Now, there’s work being done with venetoclax that continues and large randomized trials looking at venetoclax and particularly venetoclax in combinations. There are other BCL-2 inhibitors that work similar to venetoclax that are currently in development. So, that next abstract of zanubrutinib (Brukinsa) plus venetoclax was a cohort from a large trial that included the analysis and report was related to what’s referred to as arm D.

That was a cohort of patients who had 17p deletion who were untreated and demonstrated efficacy of that combination efficacy, meaning remissions that were reasonably durable, although the follow-up was short with this combination of zanubrutinib plus venetoclax, particularly for patients with 17p deletion.

 I’m sure we’ll hear more about that. That cohort was expanded subsequently to include patients who didn’t have 17p deletion. As I mentioned, there are many Phase III trials that are ongoing with venetoclax-based combinations and evaluating the efficacy of various combinations of drugs with venetoclax, for example, in this case zanubrutinib. Acalabrutinib (Calquence) is another example, and then triplets are being studied.        

Speaking of triplets, the next presentation was by our group at MD Anderson that Dr. Jain made, which was a trial that we’re doing right now with pirtobrutinib (Jaypirca), which is a new BTK inhibitor plus venetoclax and obinutuzumab, and we’re seeing very promising results with a very high percentage of patients an undetectable MRD remissions. So, we’re excited about that.

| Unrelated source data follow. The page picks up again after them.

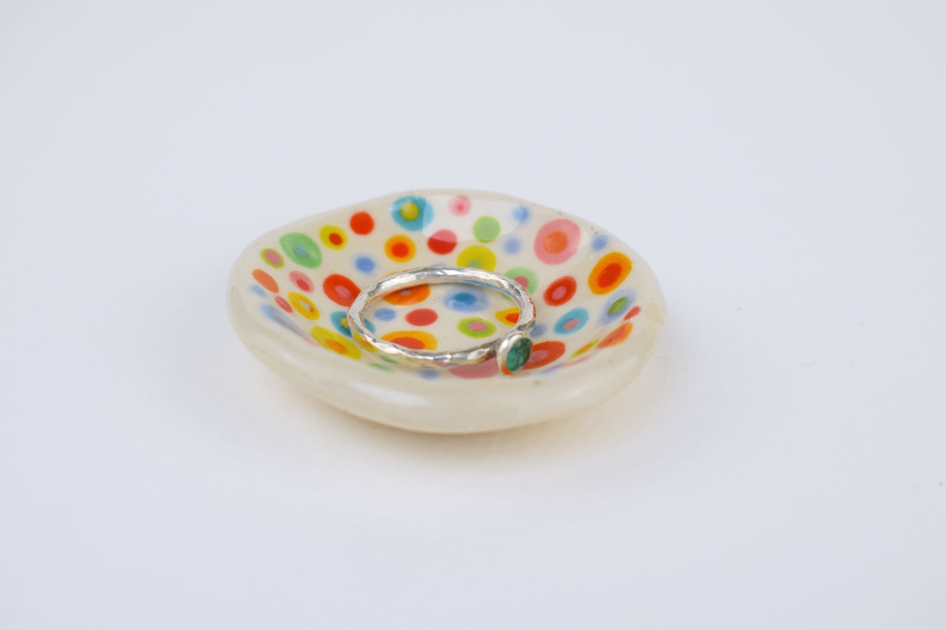 Adorned with joyful, expressive patterns in vibrant glazes, every dish brings a playful burst of colour to your space. Whether you're using it to hold rings, earrings, or tiny keepsakes, it’s the perfect way to add a little charm to your shelf, desk, or bedside table.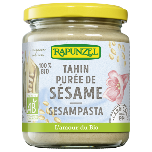 Rapunzel fabrique des purées de fruits à coque depuis 1974. Le tahin est fabriqué avec graines de sésame complet et des graines de sésame décortiquées. Les graines de sésame de qualité bio supérieure sont d'abord délicatement torréfiées puis finement moulues. Ce savoir-faire garantit un arôme intense et un goût unique.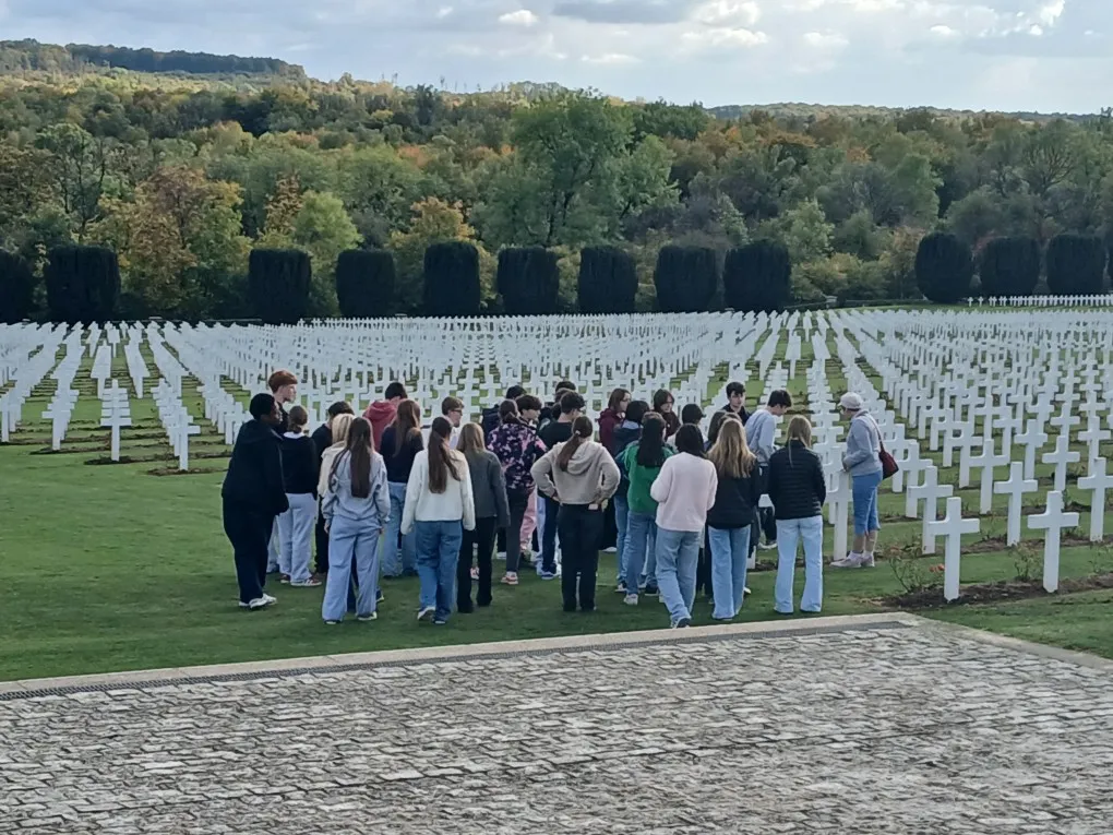Après un départ matinal à 5 h, notre groupe a fait une première halte au pied de la citadelle. Équipés de casques de réalité virtuelle, les élèves ont eu l’opportunité de suivre un groupe de soldats se reposant dans la citadelle avant de repartir au combat. La visite s’est ensuite poursuivie au Fort de Douaumont, puis à l’ossuaire de Douaumont, où reposent les ossements de plus de 130 000 soldats français et allemands.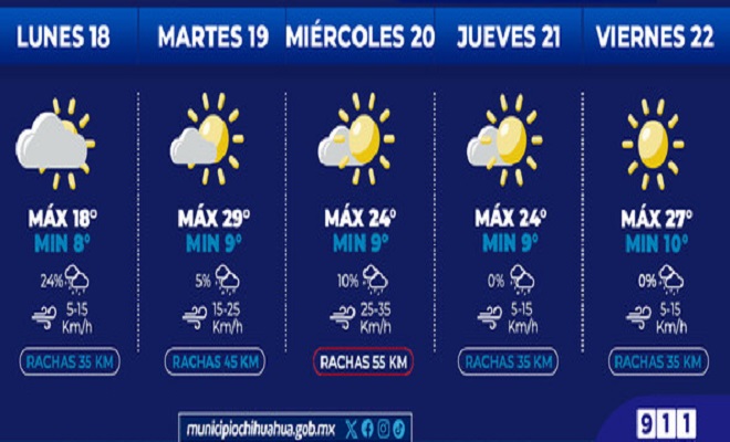 Para el martes, la máxima se espera que llegue a los 29°C, una mínima de 9°C, con un cielo parcialmente nublado, con rachas de viento de hasta 45 kilómetros por hora y mínima probabilidad de lluvia; mientras que, el miércoles se prevé que la mínima sea de 9°C y la máxima de 24°C, con un cielo mayormente soleado y con rachas de viento de hasta 55 kilómetros por hora, así como 10 por ciento de probabilidad de lluvia.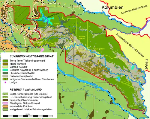 - ↑ a b c d e Cristina Casavecchia: Estudio de Caso Ecuador: RESERVA DE PRODUCCIÓN DE FAUNA CUYABENO, 2014, pdf-Version, IUCN, Quito (Ecuador), abgerufen am 17. Februar 2019.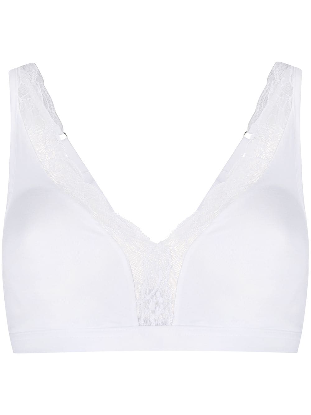 White cotton soft cup lace bra from HANRO featuring lace panels, adjustable shoulder straps and a rear hook and eye fastening. Underwear and lingerie must be tried on over your own garments.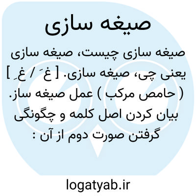 صیغه سازی. [ غ َ / غ ِ ] ( حامص مرکب ) عمل صیغه ساز. بیان کردن اصل کلمه و چگونگی گرفتن صورت دوم از آن: ضرب در اصل الضرب بود مصدر بود خواستیم فعل ماضی بنا کنیم الف و لام را از اولش برداشتیم را و با را فتحه دادیم ضرب شد...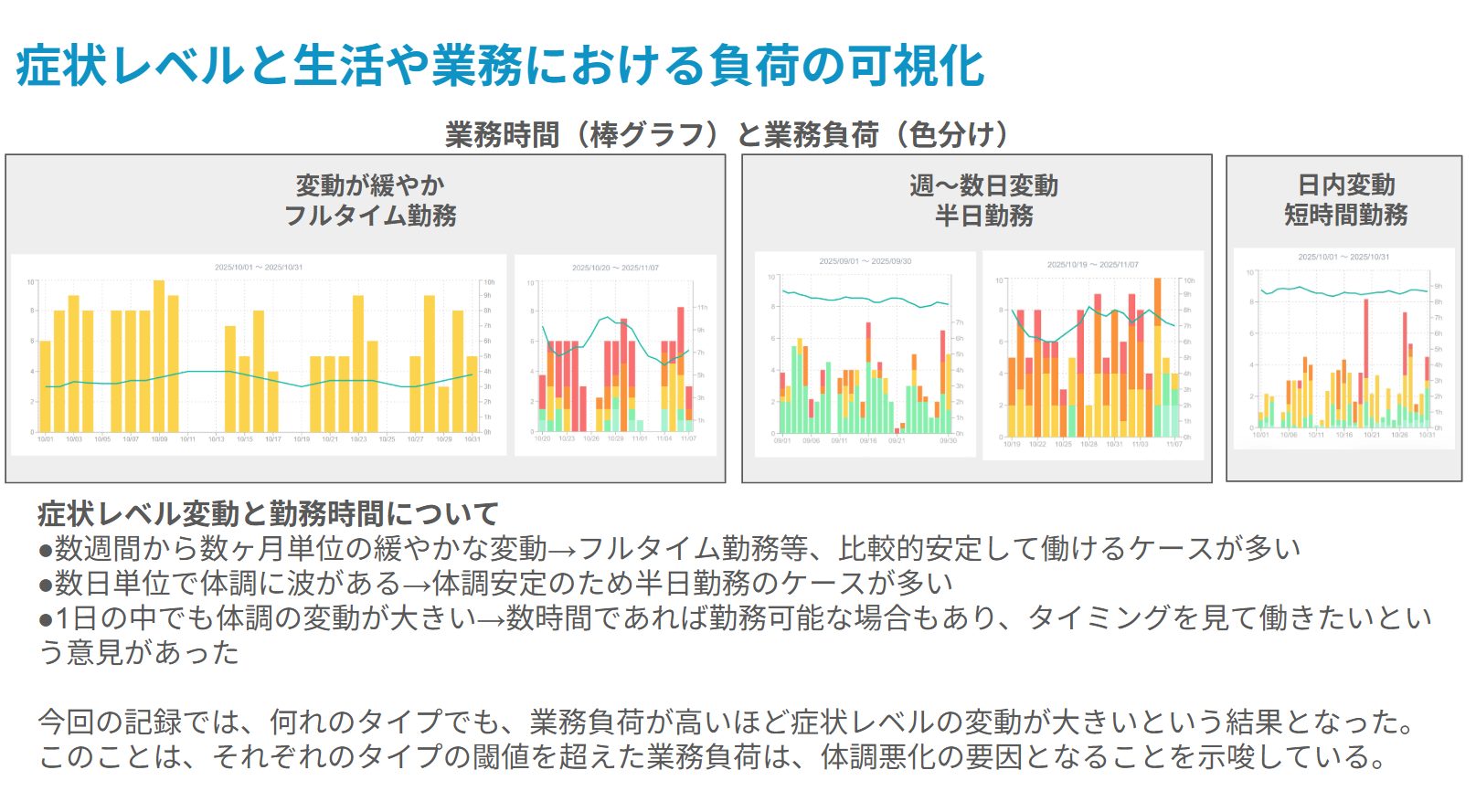 近藤は当事者として、難病者の日常の困難や働き方などについて話をしました。開発中のRDコンパスについても、トライアル結果をもとに、RDワーカーが働きやすい環境を作るためには、職場でのコミュニケーションが重要であること、当事者本人の同意のもと「自分のトリセツ」の作成や「症状の変動」の可視化をすることで、周囲の人とのコミュニケーションを円滑にすることが可能であることを説明しました。また、円滑なコミュニケーションには、心理的安全性の確保が不可欠であり、キャリア支援者の力が必要であることを伝えました。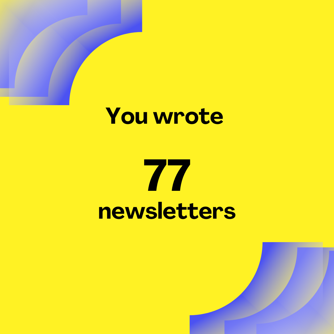 The goal was to write two newsletters per week. I started in February, and this is the 77th one that I have written. I missed a week for vacation and life, but there were a few three-newsletter weeks that made up for it.

The next presentation was one that I made, which was an analysis of factors that correlated with response, either overall response or complete response, in patients who had received liso-cel (Breyanzi), the CD19 CAR T-cell therapy. We learned that patients who did better tended to be patients who were less heavily pre-treated and who had less bulky disease, smaller lymph nodes, etcetera. Those are the patients who were more likely to achieve remission with treatment.

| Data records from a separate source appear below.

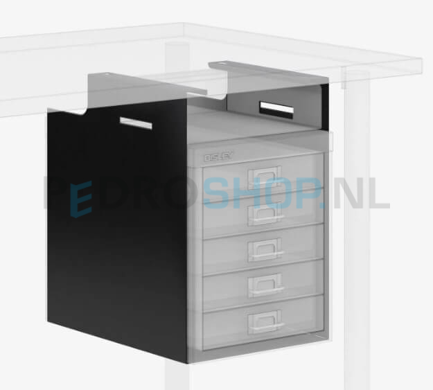 Voor het vullen van de meerladenkast met de gewenste documentatie of onderdelen wordt aangeraden om te beginnen bij de onderste lade. En zo steeds een lade hogerop werken.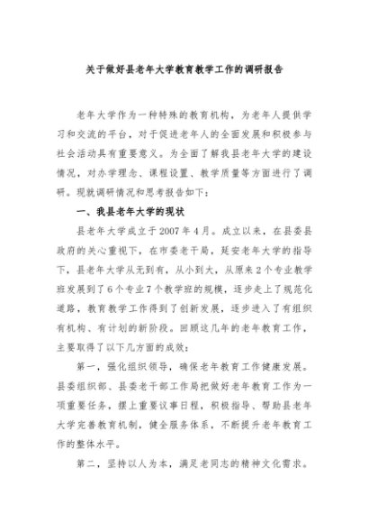 / 【七哥公文】2024年:关于做好县老年大学教育教学工作的调研报告+更多免费公文+VX:QiGeGongWen2024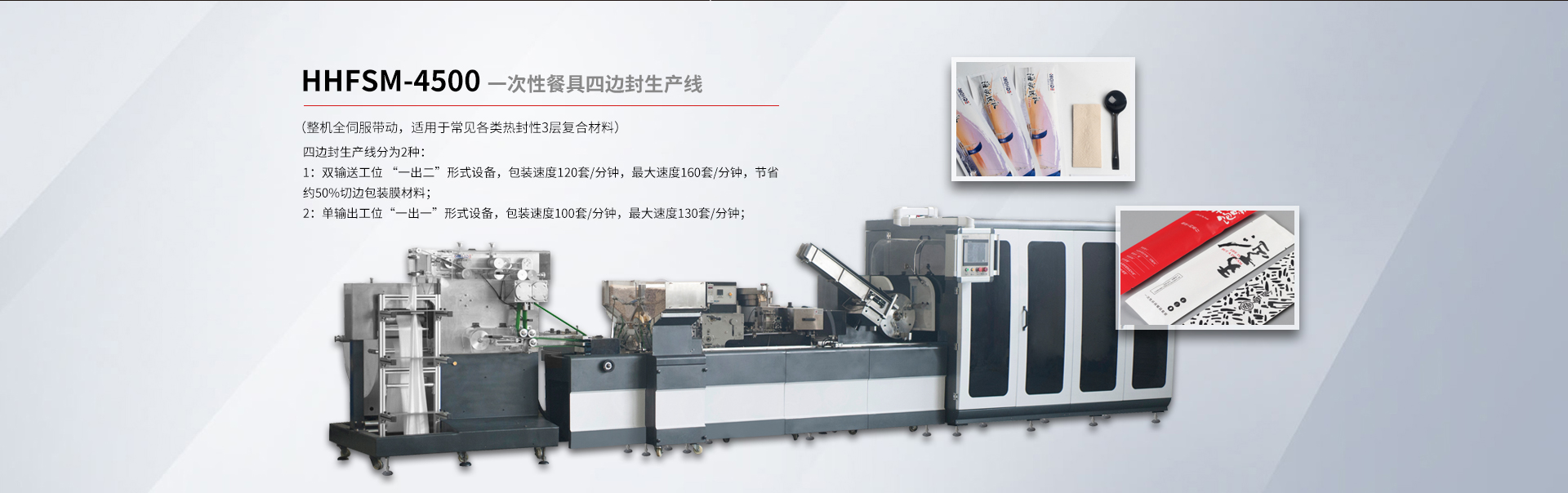 貴司專(zhuān)注于研發(fā)一次性紙巾筷子餐具包生產(chǎn)線(xiàn)、紙巾刀叉航空餐具包裝生產(chǎn)線(xiàn)、一次性餐具套裝四邊封生產(chǎn)線(xiàn)、塑料杯(碗)、吸管全自動(dòng)點(diǎn)數(shù)自動(dòng)包裝機(jī)及五金(塑料)制品包裝機(jī)等各類(lèi)包裝機(jī)。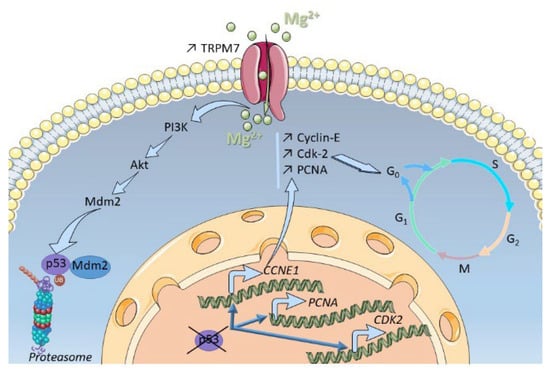 To summarize, our data indicated that: (i) the TRPM7 channel was able to regulate cation entry and magnesium homeostasis in activated human PSCs; (ii) the expression level of the TRPM7 channel varies according to the level of activation of the PSCs, a strong expression of TRPM7 being correlated with a high activation level; (iii) the TRPM7 channel was involved in the proliferation of activated human PSCs, by allowing the G1-S transition (mediated notably by CDK2 and PCNA) via the activation of the PI3K/AKT pathway; (iiii) this latter pathway was able to inhibit the p53 transcription factor in a magnesium-dependent manner. Taken together, our results strongly suggest that TRPM7 was involved in PSC activation, leading to enhanced proliferation.

BTK, as we know, is a very important protein in CLL cells. We have a number of BTK inhibitors that target and inhibit BTK, for example, ibrutinib, acalabrutinib, zanubrutinib. There’s a new category or class of drugs that are in development referred to as “degraders.” These are small molecules that bind to BTK, the protein BTK, and rather than blocking the function, they accelerate degradation of the protein and elimination of the protein from CLL cells

So, the next abstract was an update of data related to a BTK degrader that’s under development by BeiGene, the BGB-16673. As I mentioned, there are other BCL-2 inhibitors in development. So, there was a Phase I experience looking at sonrotoclax, which is the new BCL-2 inhibitor that works similar to venetoclax but is different than venetoclax, combined with zanubrutinib for previously treated patients with CLL.

That combination was well-tolerated and did achieve a reasonably high degree of remission and undetectable MRD with that treatment. Finally, epcoritamab-bysp (Epkinly), which is a bispecific anybody, works to recruit immune cells, T cells, to attack against tumor cells.

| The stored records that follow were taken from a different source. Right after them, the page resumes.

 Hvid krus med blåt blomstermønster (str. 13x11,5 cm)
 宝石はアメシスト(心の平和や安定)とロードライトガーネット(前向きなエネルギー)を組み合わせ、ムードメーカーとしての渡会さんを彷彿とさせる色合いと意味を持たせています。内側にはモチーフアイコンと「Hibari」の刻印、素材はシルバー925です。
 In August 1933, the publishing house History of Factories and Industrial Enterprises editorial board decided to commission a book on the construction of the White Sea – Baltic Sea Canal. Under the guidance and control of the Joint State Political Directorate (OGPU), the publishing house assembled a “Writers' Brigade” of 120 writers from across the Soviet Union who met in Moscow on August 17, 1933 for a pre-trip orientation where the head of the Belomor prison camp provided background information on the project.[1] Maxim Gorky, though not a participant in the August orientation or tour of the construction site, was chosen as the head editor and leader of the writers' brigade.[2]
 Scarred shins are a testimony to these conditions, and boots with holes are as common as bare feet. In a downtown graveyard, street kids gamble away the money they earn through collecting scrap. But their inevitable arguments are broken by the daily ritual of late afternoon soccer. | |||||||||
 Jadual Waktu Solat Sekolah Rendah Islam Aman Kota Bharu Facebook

 Epcoritamab has been evaluated in relapse and refractory CLL and also in Richter transformation. So, we saw an early report of activity of epcoritamab in treating patients with Richter transformation, which appears to be promising. I’m sure we’ll be hearing additional updates from that experience, so a lot of data at EHA, probably more than we usually see at EHA. What we’re looking forward to are a couple of meetings that are coming up.

There’s an ERIC meeting, which is the European Research Initiative on CLL. That’s a meeting at the end of this month in Barcelona. So, we’ll hear some data and discussion at that meeting. Our most important meeting of the year is the American Society of Hematology, which is the ASH meeting, and that will be occurring in San Diego this year at the beginning of December. That’s where we hear about all the new data and exciting stuff.